Abstract
While many areas of radiation protection have formed so-called ‘platforms’ in Europe which provide strategic research agendas for their areas of interest, this did not happen for a long while for medical exposure, which is the application of ionising radiation that causes the greatest man-made exposure, at least in first world countries. Finally, in 2015, a European medical radiation protection strategic research agenda was set up, and a corresponding platform was launched in 2016. This was named ‘EURAMED’ – the European Alliance for Medical Radiation Protection Research. In its strategic research agenda, EURAMED defined its vision for medical radiation protection and the corresponding research needed. Five major topics were identified, ranging from measurements of medical application-related parameters such as exposures and image quality and radiation biology aspects relevant for medical applications to individual optimisation strategies, to optimal use of techniques and harmonisation of practises, and finally to justification of the use of ionising radiation in medicine, all based on sufficient infrastructures for quality assurance. The ultimate goal is to reduce radiation exposure and risk individually for patients and staff by interdisciplinary research between clinicians, physicists, and engineers. Therefore, it is essential that the results are translated into clinical practice.
Keywords
1. BACKGROUND
Radiation protection research in Europe has been dominated strategically by the platforms MELODI, EURADOS, NERIS, and ALLIANCE for nearly a decade following publication of the report of the High Level Expert Group on Low Dose Ionising Radiation (HLEG, 2009). However, medical applications of ionising radiation represent the greatest man-made source of ionising radiation exposure to European inhabitants. Therefore, following an initiative from MELODI, EURADOS, and five European medical associations – European Association of Nuclear Medicine (EANM), European Federation of Organisations for Medical Physics (EFOMP), European Federation of Radiographer Societies (EFRS), European Society of Radiology (ESR), and European Society for Radiotherapy and Oncology (ESTRO) – as well as the European-Commission-funded project OPERRA, the first European strategic research agenda (SRA) for medical radiation protection was elaborated. While this SRA was approved by the boards of the five medical associations mentioned above, preparations were made for establishing a platform like the other four (MELODI, EURADOS, NERIS, and ALLIANCE) for medical radiation protection research in Europe in collaboration with those other platforms that are interested in single aspects of such research. This platform, named the ‘European Alliance for Medical Radiation Protection Research’ (EURAMED), was officially launched in October 2016 during Radiation Protection Week in Oxford, UK. At that time, it was driven as a joint initiative of the European Institute for Biomedical Imaging Research. In October 2017, EURAMED became a legal entity in its own right. From 2018, EURAMED will be open for membership applications. Meanwhile, EURAMED is collaborating with the other platforms to constitute a roadmap for radiation protection research in Europe, and is also setting up its own roadmap focusing specifically on medical radiation protection research. This paper will describe the vision for medical radiation protection (research) based on the SRA, the first ideas for the specific roadmap, and the mission and vision statements of EURAMED.

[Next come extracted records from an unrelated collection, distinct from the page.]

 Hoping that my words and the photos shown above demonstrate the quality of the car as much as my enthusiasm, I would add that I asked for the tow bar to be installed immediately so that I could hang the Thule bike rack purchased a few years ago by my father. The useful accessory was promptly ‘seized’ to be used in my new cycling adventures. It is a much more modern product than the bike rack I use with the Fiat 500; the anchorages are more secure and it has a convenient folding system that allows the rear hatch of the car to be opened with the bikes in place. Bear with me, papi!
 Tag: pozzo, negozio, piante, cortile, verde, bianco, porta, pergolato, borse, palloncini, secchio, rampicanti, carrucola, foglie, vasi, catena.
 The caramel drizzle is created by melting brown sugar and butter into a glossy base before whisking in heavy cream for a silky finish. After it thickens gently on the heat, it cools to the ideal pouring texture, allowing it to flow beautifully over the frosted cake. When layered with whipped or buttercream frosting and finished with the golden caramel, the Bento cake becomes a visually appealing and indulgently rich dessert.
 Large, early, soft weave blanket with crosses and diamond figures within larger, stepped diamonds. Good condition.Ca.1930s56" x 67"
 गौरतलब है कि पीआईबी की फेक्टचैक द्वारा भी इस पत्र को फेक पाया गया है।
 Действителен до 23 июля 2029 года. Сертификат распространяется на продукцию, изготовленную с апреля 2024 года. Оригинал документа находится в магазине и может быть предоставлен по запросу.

2. MISSION AND VISION OF EURAMED
EURAMED was launched based on defined mission and vision statements taken from its statutes (EURAMED, 2017).
2.1. The vision statement
EURAMED’s vision is ‘to lead the European research activities in medical radiation protection, and to assume an umbrella function for the harmonisation of practice to advance the European radiation protection safety culture in medicine.’
2.2. The mission statement
EURAMED’s mission is:
‘to jointly improve medical care through sustainable research efforts in medical radiation protection; to serve as a platform for medical radiation protection research, linking researchers and clinicians, adopting a harmonised approach to lobbying at European level to impact the European research funding landscape; and to develop an aligned approach and response to European research calls.’

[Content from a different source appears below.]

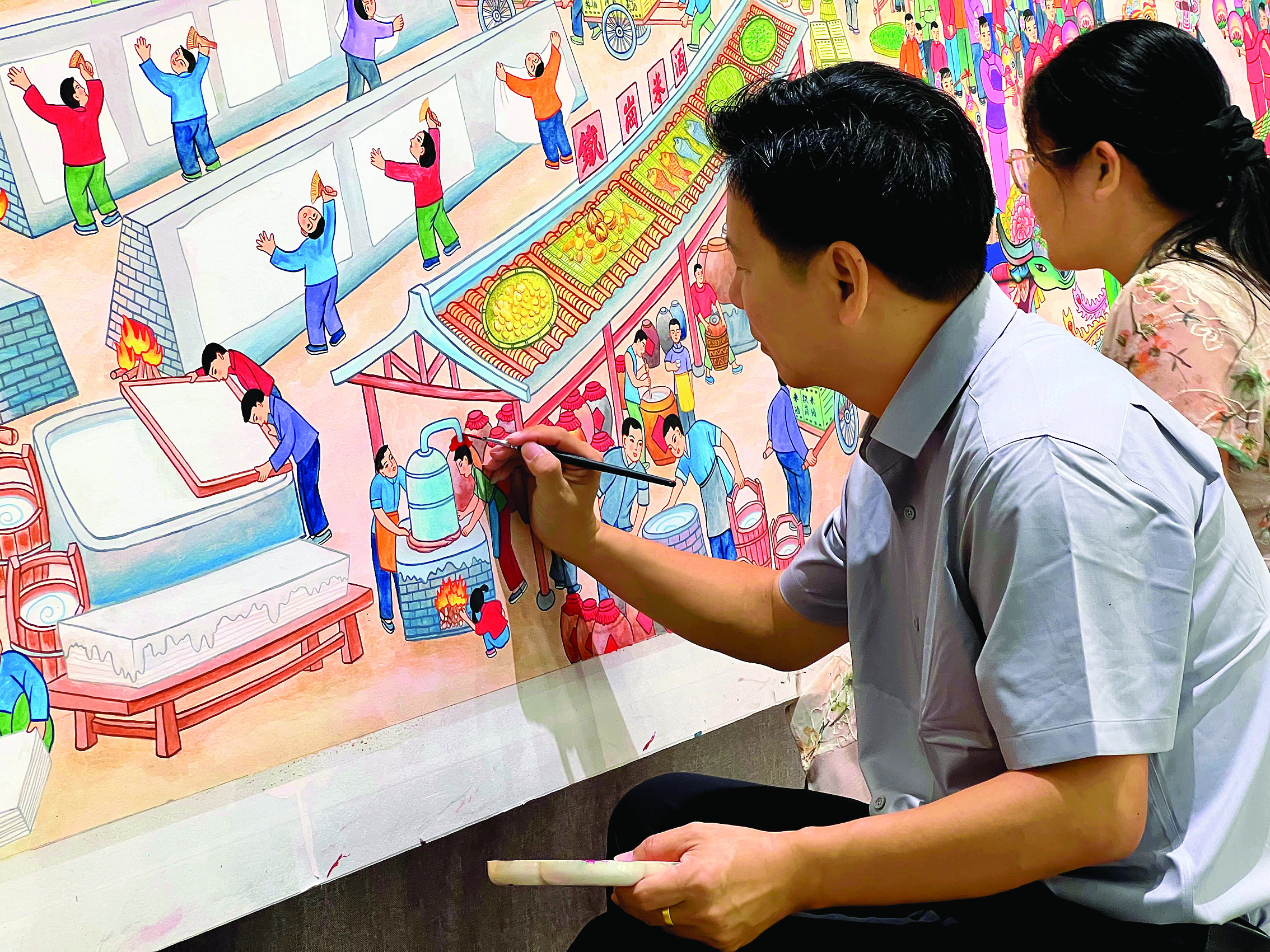 畫家正在創(chuàng)作龍門農(nóng)民畫;葜萑請(bào)記者黃宇翔 攝

3. STRATEGIC RESEARCH AGENDA AND ROADMAP APPROACH
As described above, EURAMED (and its predecessor group) has developed an SRA, and is currently preparing a roadmap to describe the way to achieve significant benefits in terms of radiation protection for exposures in the medical context.
3.1. The strategic research agenda
The SRA is published by EANM, EFOMP, EFRS, ESR, and ESTRO under the title ‘Common strategic research agenda for radiation protection in medicine’ (EANM, EFOMP, EFRS, ESR, ESTRO, 2017). Many of the following statements are taken from this document.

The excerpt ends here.